NOTICE TO PERSON MAKING A DECLARATION FOR MENTAL HEALTH TREATMENT
This is an important legal document. It is a declaration that allows, or disallows, mental health treatment. Before signing this document, you should know that:
(1) this document allows you to make decisions in advance about three types of mental health treatment: psychoactive medication, convulsive therapy, and short-term (up to 17 days) admission to a mental health facility;
(2) the instructions that you include in this declaration will be followed only if a court or two physicians believe that you are incapable of otherwise making treatment decisions. Otherwise, you will be considered capable to give or withhold consent for treatment;
(3) you may also appoint a person as your attorney-in-fact to make these treatment decisions for you if you become incapable. The person you appoint has a duty to act consistently with your desires as stated in this document, or, if not state, to make decisions in accordance with what that person believes, in good faith, to be in your best interest. For the appointment to be effective, the person you appoint must accept the appointment in writing. The person also has the right to withdraw from acting as your attorney-in-fact at any time;
(4) this document will continue in effect for a period of three years, unless you become incapable of participating in mental health treatment decisions. If this occurs, the directive will continue in effect until you are no longer incapable;
(5) you have the right to revoke this document in whole or in part, or the appointment of an attorney-in-fact, at any time you have not been determined to be incapable.

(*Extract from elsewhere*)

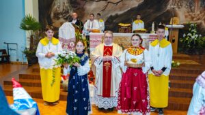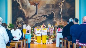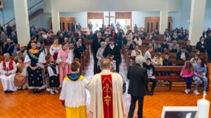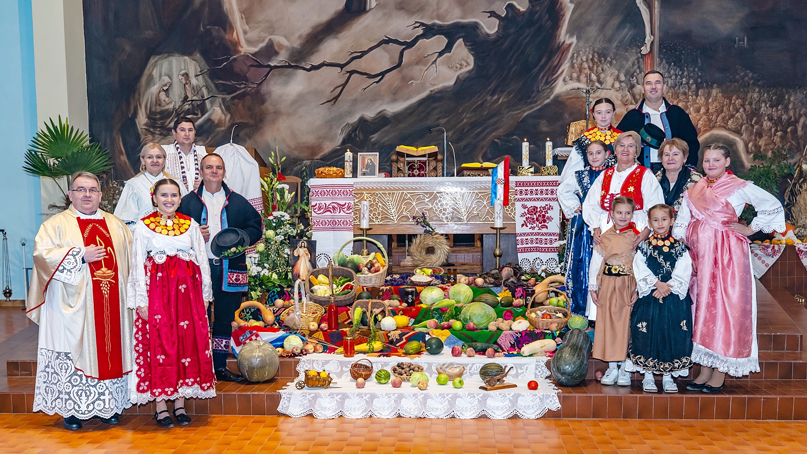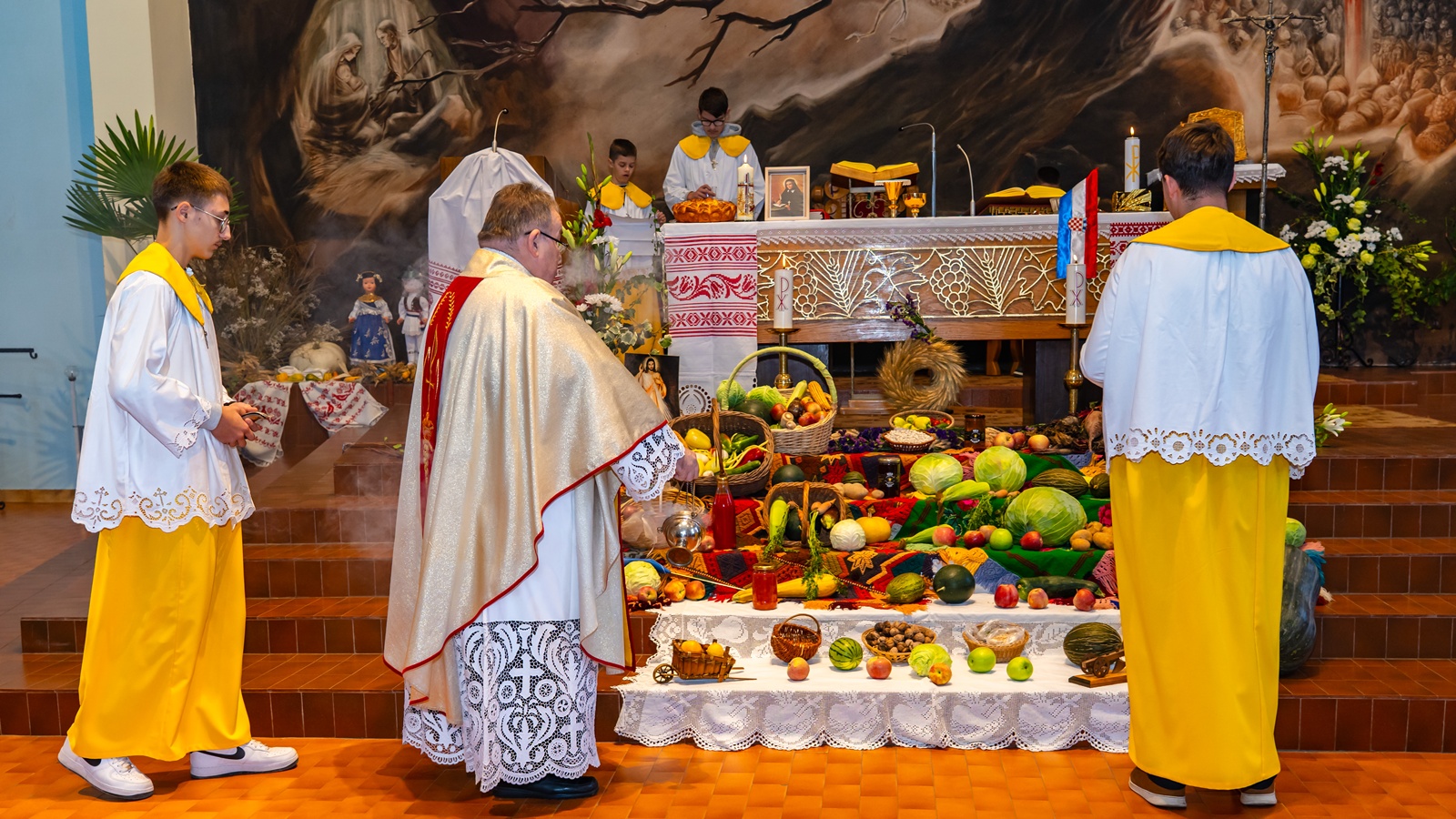 Crkva je bilo posebno svečano urešena slavonskim ručnim radovima, te plodovima njiva i vrtova koje su dan ranije donijeli sami vjernici, a aranžirala je s. Ksenija Franjo koja je na službi u toj župi.

YOU MAY NOT REVOKE THE DECLARATION OR APPOINTMENT WHEN YOU ARE CONSIDERED INCAPABLE BY A COURT OR TWO PHYSICIANS.
A revocation is effective when it is communicated to your attending physician or other provider, and
(6) if there is anything in this document that you do not understand, you should ask an attorney to explain it to you. This Declaration is not valid unless it is signed by two qualified witnesses who are personally known to you and who are present when you sign or acknowledge your signature.